Darshna Vaghela (born 1972) is an Indian politician from Gujarat. She is a member of the Gujarat Legislative Assembly representing the Bharatiya Janata Party. She was a former deputy mayor of Ahmedabad, Gujarat, India. She won the 2022 Gujarat Legislative Assembly election from Asarwa Constituency which is reserved for Scheduled Caste community in Ahmedabad district.

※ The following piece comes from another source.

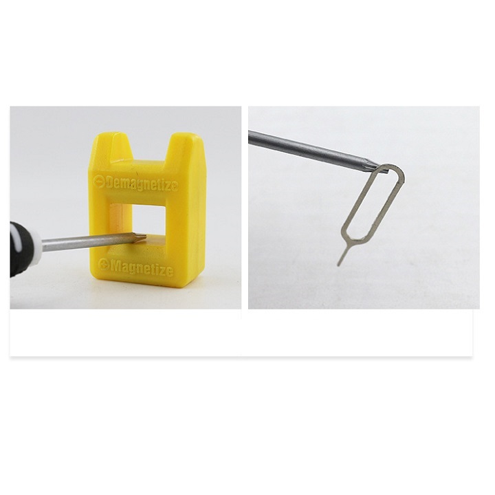- Cục nam châm vàng đi kèm Bộ đồ nghề sửa chữa điện thoại này có cả chức năng "nhiễm" và "khử" từ. Khách hàng lưu ý cho, riêng về chức năng khử từ, đây là sản phẩm "khử" theo nguyên lý cơ từ tường chứ không phải điện tử, nên shop không đảm bảo chuyện khử tuyệt đối 100%, mà chỉ khử phần lớn từ 60-90%. (sản phẩm hiệu quả trên kim loại thông thường, không có tác dụng với các sản phẩm khác cũng là nam châm vĩnh cửu)

== Early life and education ==
Vaghela is from Asarwa, Ahmedabad district, Gujarat. She married Mukeshbhai Vaghela, a government employee. She completed her BCom in 1997 at a Women's College in Mulund. She served as the deputy mayor of Ahmedabad Municipal Corporation for two one-year terms. She was reelected in October 2010.

== Career ==
Vaghela won from Asarwa Assembly constituency representing the Bharatiya Janata Party in the 2022 Gujarat Legislative Assembly election. She polled 80,155 votes and defeated her nearest rival, Vipul Parmar of the Indian National Congress, by a margin of 54,173 votes.